12. Can you go into one or two tracks on the new album? If so, can you give us the track title and brief description of how the track sounds and how it came about?

Aidy: The track Kathartic Bloodletting is one of our newest songs and was written by Chris. He came to practice one time, and he pretty much had the song completed and ready to rock on the day, and as soon as we heard him playing the blistering opening riff we knew that it was gonna be a stomper. No one expected him to drop down into the groovy, headbanging verse riff afterwards, but when we realized that we were all standing there banging our heads like crazy, we knew he was onto a good thing haha! He wanted to call it Kathartic Bloodletting, and I initially struggled to relate to the title in order to write the lyrics for it, but one day I strolled into one of the more sadistic parts of my brain, and when I came back out, I had written one my most depraved, graphic and mental image provoking, odes to depravity yet!

13. Where can we listen to your band and where can we buy your stuff?

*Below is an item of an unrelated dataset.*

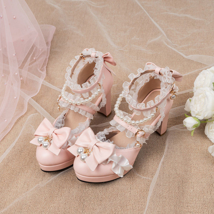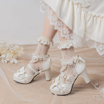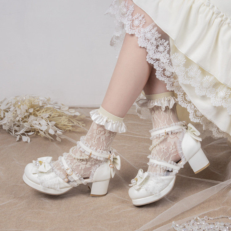 28-48超大小码lolita少女学生高跟性感cos甜美蕾丝茶会白色女公主

Aidy: You can check the events page on our Facebook profile to keep track of the gigs which we're playing around Ireland and the UK this year. Coming up we've got the Annihilation of Mortals tour in ennisKILLen on 18/10/13, and then Dublin on 20/10/13 with Sphere (PL). The gig for the 19th is due to be confirmed soon. Our stuff is currently being played on a couple of metal radio stations including Radio Heretica (Pol), Onslaught Radio (UK) and Friction In The Static (USA), but the main place to buy or listen to our stuff is via our Facebook, Bandcamp or Reverbnation pages.

14. What plans do you have for the near future as a band?

Aidy: Apart from playing gigs and festivals in 2013, we'll be continuing to focus our attention on writing new material, spreading our music, and eradicating the worthless.